The American Securities and Exchange Commission (SEC) has accelerated its lawsuit against BAM Trading Services, which offers its services in the United States under the well-known name Binance. Indeed, the supervisory body filed a request with the court to obtain the publication of documents that the stock exchange tried to hide from it.
Update 19-09-2023 03:20 CET: Since this article was written, the SEC Inspection Request would have been refused.
American regulators therefore regard the publication of the documents as a necessary and appropriate step in good faith by BAM, alias Binance. However, the crypto exchange’s lawyers categorically deny the relevance and fairness of the SEC’s requests.
The SEC is tightening the screw
The regulator wants to know more about the service providers that Binance may have turned to for portfolio management software, among other things.
According to the SEC, BAM has not responded to its requests for information. For its part, Binance believes it is protecting its customers’ interests and its own by refusing to comply with the request.
Much to the SEC’s frustration, crucial documents that could have shed light on this reluctance on the exchange’s part were sealed, making it extremely difficult to prove that Binance refused to cooperate.
Late last week, however, the SEC finally got a federal judge to rule in its favor. For example, Judge Zia M. Faruqui’s September 15 order required the unsealing of sixteen documents and the partial unsealing of nine other documents.
The newly released documents reveal the legal maneuvers BAM has used to maintain secrecy over its internal affairs. And to also keep them out of reach of the media, the public and especially the regulators who want to shut down Binance once and for all.

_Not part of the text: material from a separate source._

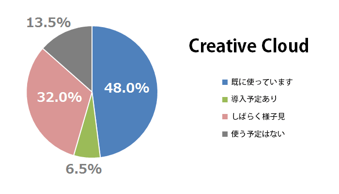 今回の調査結果では、Creative Cloud(以下CC)の利用割合は半数に近くなり、検討中のユーザーを含めると半数を超える結果となった。

BAM rejects ‘oppressive’ SEC demands
One of the most telling elements of Judge Faruqui’s decision is “Appendix 4.” Indeed, it concerns a document filed on July 5 in a federal court in Washington DC, by BAM’s lawyers from the law firms Wilmer Cutler and Milbank.
In this 31-page document, attorneys for the exchange service reject the SEC’s requests.
The SEC’s requests are denied for several reasons, but overall, BAM accuses the SEC of exceeding its regulatory powers. His lawyers thus argue that the regulator has exceeded its powers and formulated vague, excessive and even “oppressive” requests.
Reading this document, there is little doubt that the stock exchange is particularly keen to maintain its confidentiality and, above all, does not want the SEC to stick its nose up where it is not legally authorized to do so. According to BAM, the SEC has not only requested documents related to its lawsuit; she has submitted a general request without any legal basis.
“BAM objects to these requests, which it considers excessive and unnecessarily burdensome in that they claim to require the production of ‘all’ or ‘some’ documents, while a subset of documents would be sufficient to provide the relevant information provide”, we can mainly read in the document.
Later in the document, the lawyers indicate that BAM objects to “redundant” requests, in addition to requests for documents that are no longer part of the company’s active data systems.
At the same time, attorneys say, other documents requested by the SEC benefit from the attorney-client privilege. Still others contain trade secrets or personal information about current or former BAM employees. Because of all these elements, the company is not required to file these documents with the SEC.
What is the attitude of both parties?
BAM and its lawyers are not challenging the SEC solely on procedural grounds, or because regulators are looking for documents that contain sensitive personal data.
On the contrary, the two sides disagree deeply on issues of legal and metaphysical truth.
Exhibit 4 clearly shows how far apart the SEC and Binance are on the issues in the proceeding, with both sides disagreeing on basic factual questions. As the following passage shows, what did or did not happen is deeply controversial.
“BAM opposes the requests insofar as they presuppose the existence of facts that do not exist or the occurrence of events that did not occur,” the file reads.
Will the courts, media and public listen attentively to BAM’s allegations of SEC abuse of power?
After a series of high-profile legal victories against the SEC, we still have to wait and see what effect these newly released documents will have. Inside the court, but also outside it.
Moral of the story: anything is possible for the SEC.